### EXERCISE PROMPT:
From the records below, please repeat exactly the line that has "Консалтинговая компания Nikoliers", the line that has "আন্তর্জাতিক সংবাদ মাধ্যমে", and every line between them, and nothing else.

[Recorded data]
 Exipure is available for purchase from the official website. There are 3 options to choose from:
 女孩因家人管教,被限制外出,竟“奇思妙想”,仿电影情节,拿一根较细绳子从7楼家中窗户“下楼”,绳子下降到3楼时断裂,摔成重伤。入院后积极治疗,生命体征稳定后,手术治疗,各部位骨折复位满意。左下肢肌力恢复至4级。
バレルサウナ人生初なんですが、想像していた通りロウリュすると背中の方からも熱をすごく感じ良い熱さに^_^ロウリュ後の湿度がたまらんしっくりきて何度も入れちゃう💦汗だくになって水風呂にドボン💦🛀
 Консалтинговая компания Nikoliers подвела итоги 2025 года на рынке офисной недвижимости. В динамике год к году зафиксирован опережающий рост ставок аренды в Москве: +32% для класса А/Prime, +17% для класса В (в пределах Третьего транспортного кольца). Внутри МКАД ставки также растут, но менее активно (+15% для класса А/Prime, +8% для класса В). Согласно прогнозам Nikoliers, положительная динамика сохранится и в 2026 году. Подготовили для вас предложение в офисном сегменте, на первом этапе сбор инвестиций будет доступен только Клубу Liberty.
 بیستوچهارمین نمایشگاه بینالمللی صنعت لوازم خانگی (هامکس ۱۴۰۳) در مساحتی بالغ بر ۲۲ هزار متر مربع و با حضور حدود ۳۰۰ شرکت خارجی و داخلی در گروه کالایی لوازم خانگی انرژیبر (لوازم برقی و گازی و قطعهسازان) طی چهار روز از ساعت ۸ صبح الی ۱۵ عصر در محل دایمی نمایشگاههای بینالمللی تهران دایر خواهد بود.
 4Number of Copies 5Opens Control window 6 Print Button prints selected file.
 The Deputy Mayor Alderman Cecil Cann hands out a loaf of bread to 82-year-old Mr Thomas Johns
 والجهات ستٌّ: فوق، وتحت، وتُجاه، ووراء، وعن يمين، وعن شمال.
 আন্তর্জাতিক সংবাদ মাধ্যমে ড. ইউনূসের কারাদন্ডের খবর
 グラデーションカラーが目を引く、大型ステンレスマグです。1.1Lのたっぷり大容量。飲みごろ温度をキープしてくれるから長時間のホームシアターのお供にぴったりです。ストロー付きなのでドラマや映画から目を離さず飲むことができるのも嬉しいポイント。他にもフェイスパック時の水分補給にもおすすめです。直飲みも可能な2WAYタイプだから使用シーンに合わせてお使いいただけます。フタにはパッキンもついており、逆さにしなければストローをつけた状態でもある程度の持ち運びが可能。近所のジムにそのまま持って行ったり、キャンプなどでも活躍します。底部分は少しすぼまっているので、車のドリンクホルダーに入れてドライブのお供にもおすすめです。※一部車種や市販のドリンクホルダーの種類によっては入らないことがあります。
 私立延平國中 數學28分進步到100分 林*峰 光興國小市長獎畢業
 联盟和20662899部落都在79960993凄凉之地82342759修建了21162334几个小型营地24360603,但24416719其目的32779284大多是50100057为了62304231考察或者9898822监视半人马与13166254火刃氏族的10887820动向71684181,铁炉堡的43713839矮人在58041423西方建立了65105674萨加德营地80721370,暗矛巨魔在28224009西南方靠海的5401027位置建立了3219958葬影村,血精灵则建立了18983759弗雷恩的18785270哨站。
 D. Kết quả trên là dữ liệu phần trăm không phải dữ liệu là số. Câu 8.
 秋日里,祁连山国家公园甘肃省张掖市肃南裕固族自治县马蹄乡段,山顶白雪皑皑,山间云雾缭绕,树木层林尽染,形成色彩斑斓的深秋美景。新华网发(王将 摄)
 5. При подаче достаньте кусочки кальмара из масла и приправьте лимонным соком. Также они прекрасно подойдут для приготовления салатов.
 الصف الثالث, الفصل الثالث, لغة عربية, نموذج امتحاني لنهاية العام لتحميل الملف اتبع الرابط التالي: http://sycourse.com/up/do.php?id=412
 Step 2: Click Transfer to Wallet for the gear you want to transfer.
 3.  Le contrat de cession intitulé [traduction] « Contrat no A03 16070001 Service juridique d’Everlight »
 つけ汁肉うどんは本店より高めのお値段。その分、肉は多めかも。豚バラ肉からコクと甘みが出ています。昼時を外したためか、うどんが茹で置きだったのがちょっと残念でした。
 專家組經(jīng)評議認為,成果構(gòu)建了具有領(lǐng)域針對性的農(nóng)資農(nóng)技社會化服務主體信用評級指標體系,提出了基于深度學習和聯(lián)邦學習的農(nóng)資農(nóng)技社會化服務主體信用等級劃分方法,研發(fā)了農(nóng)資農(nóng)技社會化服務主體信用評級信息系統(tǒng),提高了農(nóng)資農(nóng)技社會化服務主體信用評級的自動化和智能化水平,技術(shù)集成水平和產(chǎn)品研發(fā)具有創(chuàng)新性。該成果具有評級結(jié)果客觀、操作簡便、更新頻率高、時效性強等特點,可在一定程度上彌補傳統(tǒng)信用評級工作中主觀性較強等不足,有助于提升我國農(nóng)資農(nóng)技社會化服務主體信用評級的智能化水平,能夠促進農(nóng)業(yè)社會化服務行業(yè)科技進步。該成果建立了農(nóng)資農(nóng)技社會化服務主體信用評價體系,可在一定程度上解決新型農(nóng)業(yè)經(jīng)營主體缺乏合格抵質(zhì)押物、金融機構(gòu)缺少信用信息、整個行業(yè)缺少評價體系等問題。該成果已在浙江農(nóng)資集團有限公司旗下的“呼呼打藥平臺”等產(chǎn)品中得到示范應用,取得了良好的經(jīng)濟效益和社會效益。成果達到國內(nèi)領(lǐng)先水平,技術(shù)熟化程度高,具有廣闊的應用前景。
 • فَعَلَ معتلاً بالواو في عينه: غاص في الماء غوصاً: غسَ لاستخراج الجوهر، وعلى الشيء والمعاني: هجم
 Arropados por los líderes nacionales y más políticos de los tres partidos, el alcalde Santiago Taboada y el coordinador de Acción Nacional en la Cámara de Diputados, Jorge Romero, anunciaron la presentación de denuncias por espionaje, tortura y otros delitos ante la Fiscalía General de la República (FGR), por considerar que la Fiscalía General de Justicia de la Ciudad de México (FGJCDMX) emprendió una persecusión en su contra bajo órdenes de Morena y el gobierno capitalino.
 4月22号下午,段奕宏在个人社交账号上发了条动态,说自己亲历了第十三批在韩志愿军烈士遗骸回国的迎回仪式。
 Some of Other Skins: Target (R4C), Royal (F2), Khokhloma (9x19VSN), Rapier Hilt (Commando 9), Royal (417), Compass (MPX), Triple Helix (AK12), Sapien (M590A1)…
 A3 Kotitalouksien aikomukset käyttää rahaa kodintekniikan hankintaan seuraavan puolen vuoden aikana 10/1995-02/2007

### THE COMPLETED TASK:
 Консалтинговая компания Nikoliers подвела итоги 2025 года на рынке офисной недвижимости. В динамике год к году зафиксирован опережающий рост ставок аренды в Москве: +32% для класса А/Prime, +17% для класса В (в пределах Третьего транспортного кольца). Внутри МКАД ставки также растут, но менее активно (+15% для класса А/Prime, +8% для класса В). Согласно прогнозам Nikoliers, положительная динамика сохранится и в 2026 году. Подготовили для вас предложение в офисном сегменте, на первом этапе сбор инвестиций будет доступен только Клубу Liberty.
 بیستوچهارمین نمایشگاه بینالمللی صنعت لوازم خانگی (هامکس ۱۴۰۳) در مساحتی بالغ بر ۲۲ هزار متر مربع و با حضور حدود ۳۰۰ شرکت خارجی و داخلی در گروه کالایی لوازم خانگی انرژیبر (لوازم برقی و گازی و قطعهسازان) طی چهار روز از ساعت ۸ صبح الی ۱۵ عصر در محل دایمی نمایشگاههای بینالمللی تهران دایر خواهد بود.
 4Number of Copies 5Opens Control window 6 Print Button prints selected file.
 The Deputy Mayor Alderman Cecil Cann hands out a loaf of bread to 82-year-old Mr Thomas Johns
 والجهات ستٌّ: فوق، وتحت، وتُجاه، ووراء، وعن يمين، وعن شمال.
 আন্তর্জাতিক সংবাদ মাধ্যমে ড. ইউনূসের কারাদন্ডের খবর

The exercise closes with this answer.